1. Risks associated with the standard of care. All patients, when receiving the standard of care, are at risk for both the ills of the underlying disease processes and iatrogenic harm. Patients should be informed about undesired events or outcomes that are likely to occur with some frequency or that would be severe. Patients who are not participating in research studies may not be as thoroughly informed about the absolute risks associated with the proposed treatment or the relative risks of alternative treatments. A collateral benefit of trial participation is access to better information.

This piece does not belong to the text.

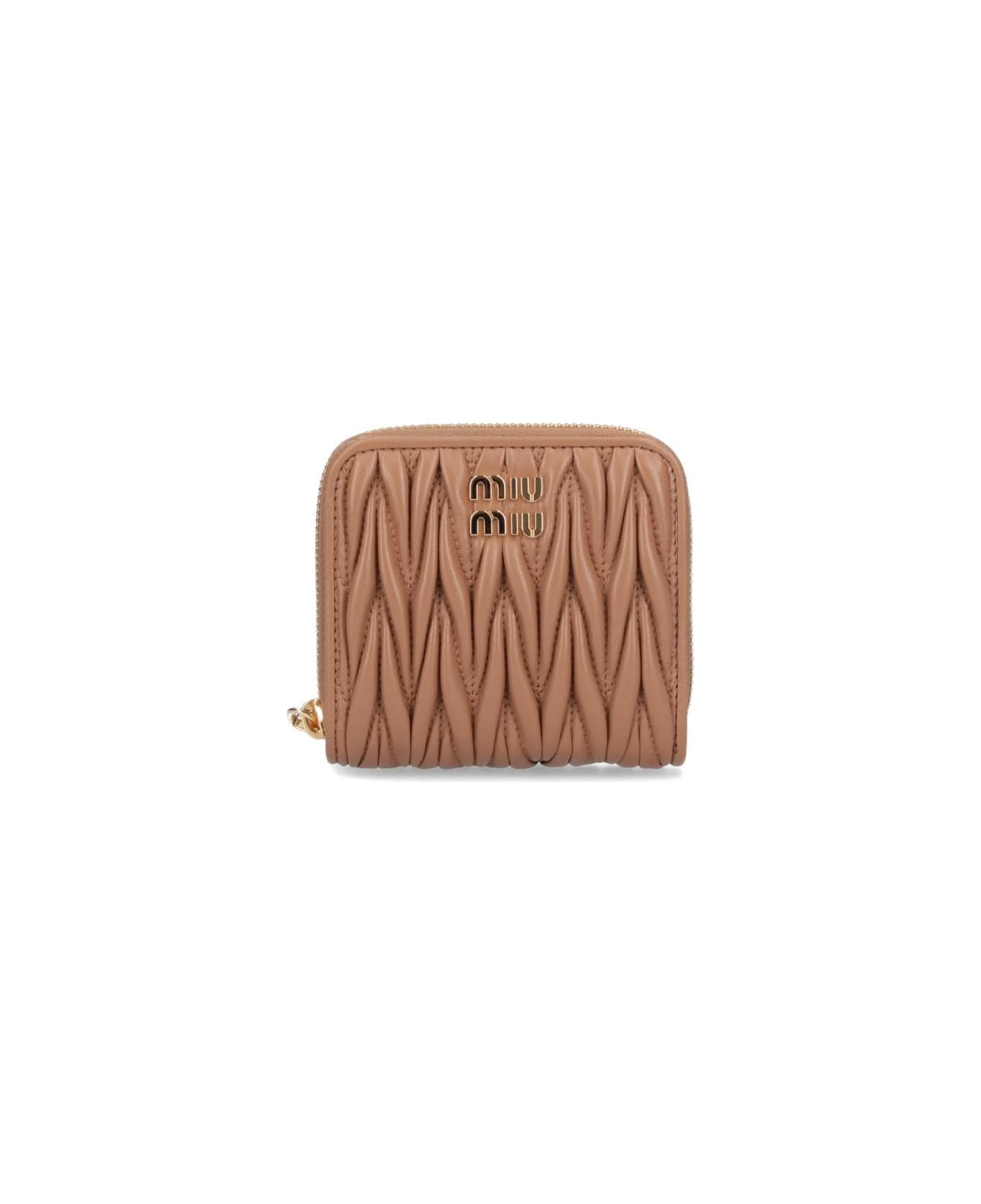 Miu Miu logo wallet in caramel matelassé nappa leather with quilted effect, gold metal logo on the front, zip and snap button closure, eight inner card slots, and an inner bill compartment. composition: 100% lambskinsize and fit: h 11 x w 10 x d 3 cm

2. Risks (and benefits) of intervention A as compared with intervention B. CER studies are warranted when, within the range of the standard of care, more than one intervention is in common use for the same diagnostic, therapeutic, or other core clinical purpose, when there is debate among clinicians about which intervention is superior, and when evidence from a clinical trial could resolve the dispute and improve outcomes. In such situations, the relative risks associated with interventions A and B may be unknown, or one intervention may be known to be more risky or more costly but may have the potential to offer compensatory benefits. CER measures the difference in the marginal risks and benefits of A and B relative to each other.

3. Risks due to randomization. In CER RCTs, randomization dictates which intervention a participant will receive — nothing more, nothing less. If common treatments A and B were identical, the risk difference would be zero. In RCTs of two different interventions, when the differential risks of A as compared with B are unknown — hovering in a state of so-called clinical equipoise — the risks posed by assigning patients to one of the two interventions either by randomization or by uncertain clinician preference are not marginally different.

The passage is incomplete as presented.